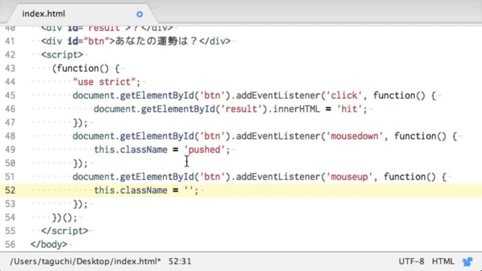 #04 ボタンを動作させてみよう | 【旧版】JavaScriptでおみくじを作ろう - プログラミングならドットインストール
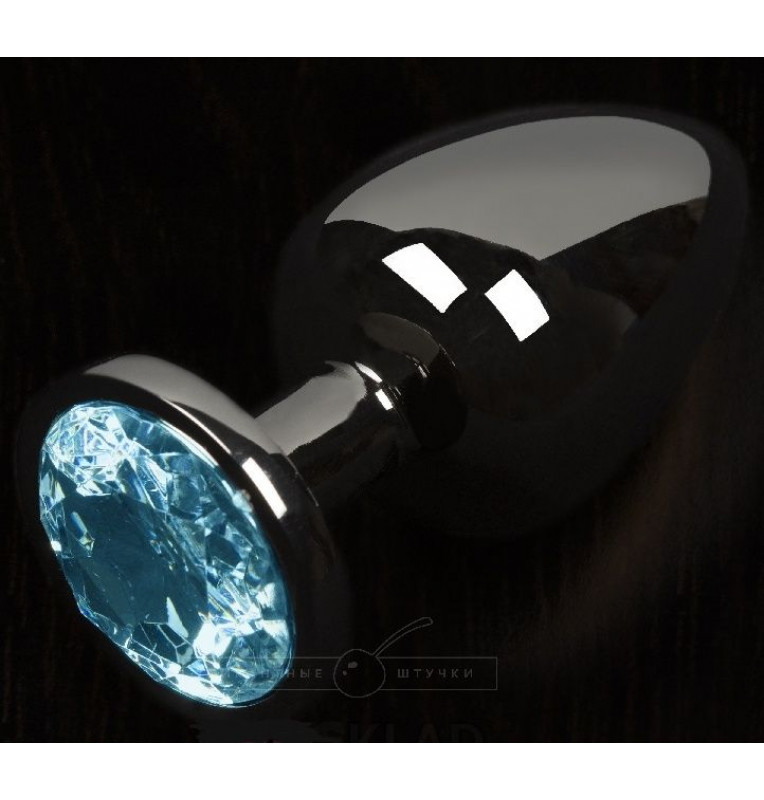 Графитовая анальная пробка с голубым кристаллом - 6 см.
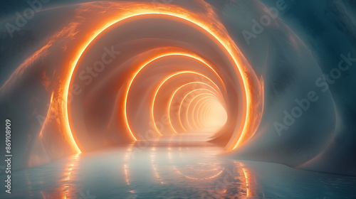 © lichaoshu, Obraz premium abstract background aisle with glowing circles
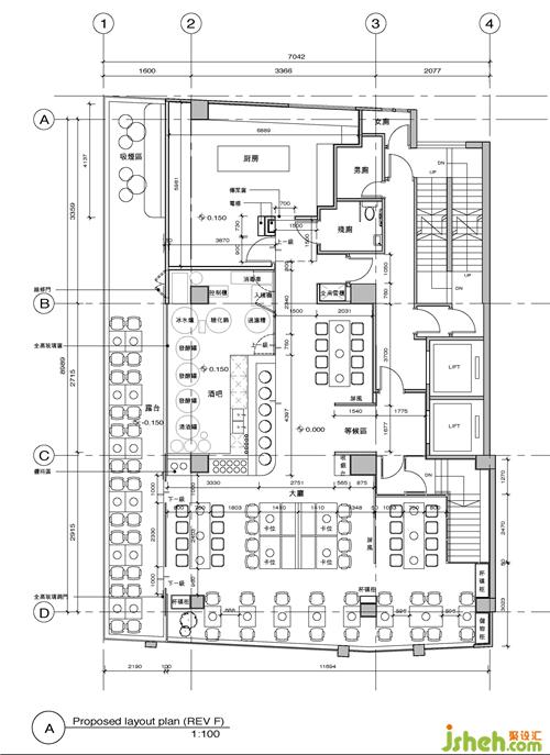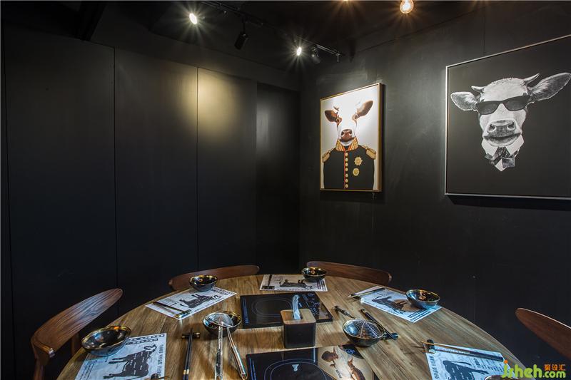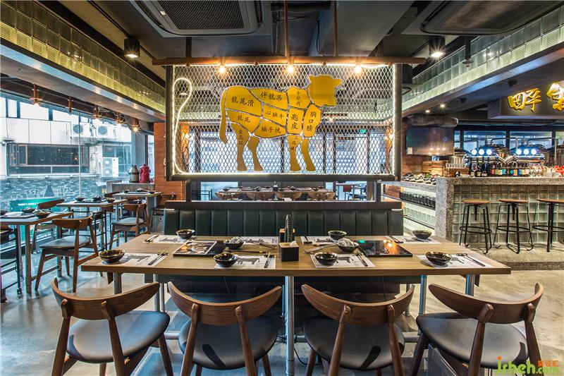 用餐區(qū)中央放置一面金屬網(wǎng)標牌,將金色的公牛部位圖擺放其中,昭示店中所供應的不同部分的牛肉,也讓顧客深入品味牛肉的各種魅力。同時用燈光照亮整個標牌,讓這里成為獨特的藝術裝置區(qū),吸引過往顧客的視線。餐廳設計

-*-

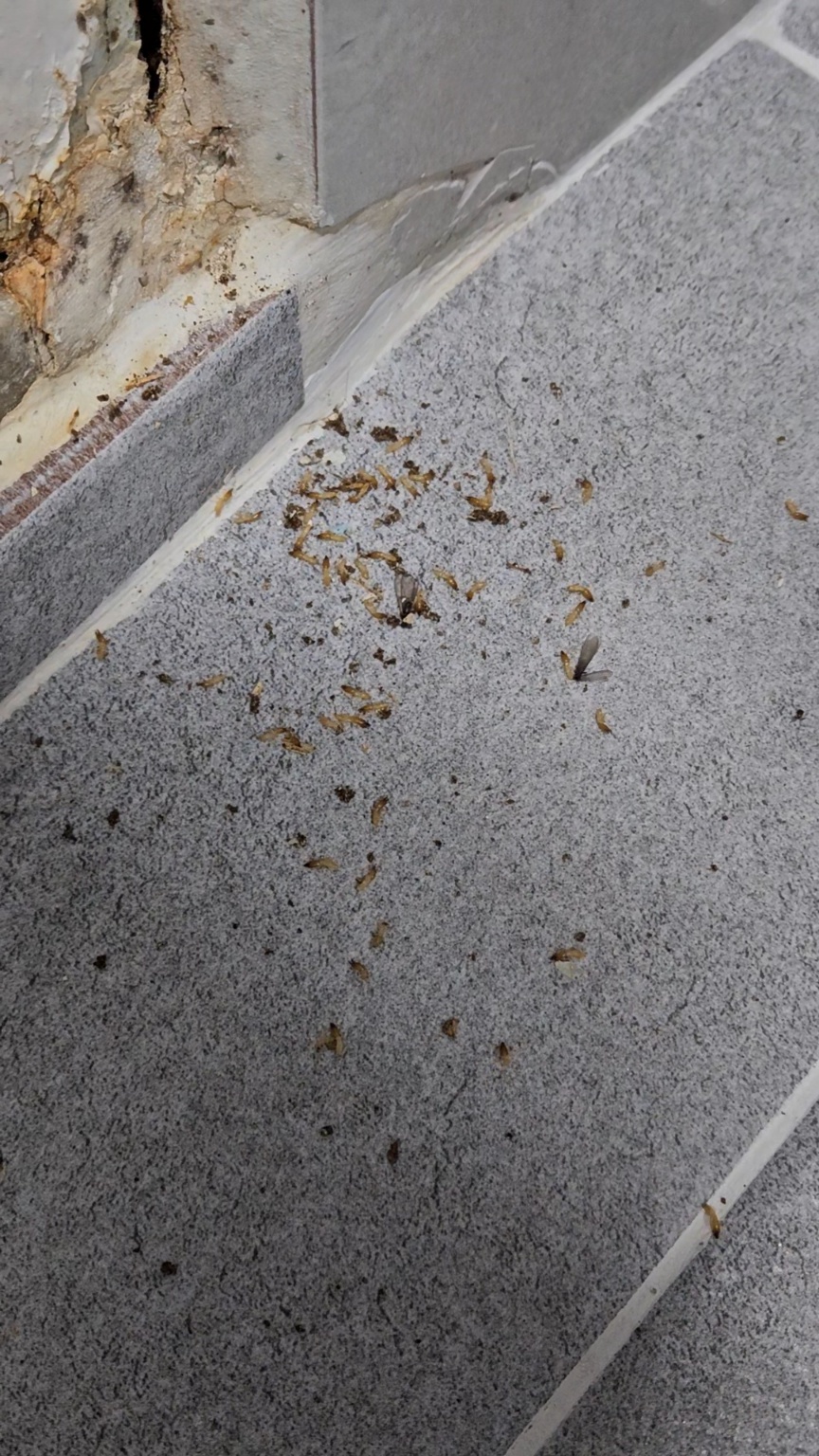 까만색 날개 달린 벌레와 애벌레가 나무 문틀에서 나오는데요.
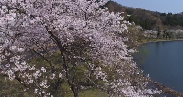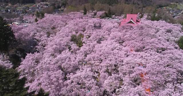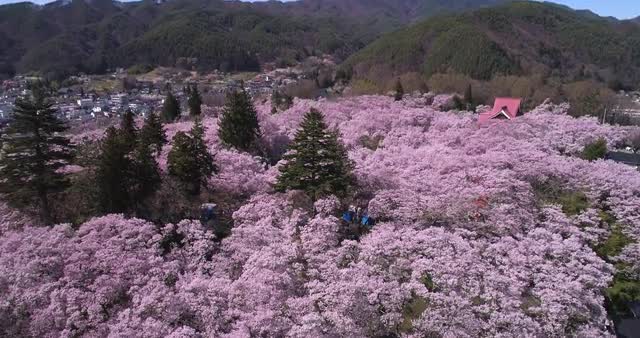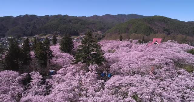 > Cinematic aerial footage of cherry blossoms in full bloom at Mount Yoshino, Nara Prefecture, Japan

-*-

Try it -
Return exactly the lines above, from the one with "with glowing circles" up to and including the one with "用餐區(qū)中央放置一面金", and include no pictures.

Response area -
 © lichaoshu, Obraz premium abstract background aisle with glowing circles
 用餐區(qū)中央放置一面金屬網(wǎng)標牌,將金色的公牛部位圖擺放其中,昭示店中所供應的不同部分的牛肉,也讓顧客深入品味牛肉的各種魅力。同時用燈光照亮整個標牌,讓這里成為獨特的藝術裝置區(qū),吸引過往顧客的視線。餐廳設計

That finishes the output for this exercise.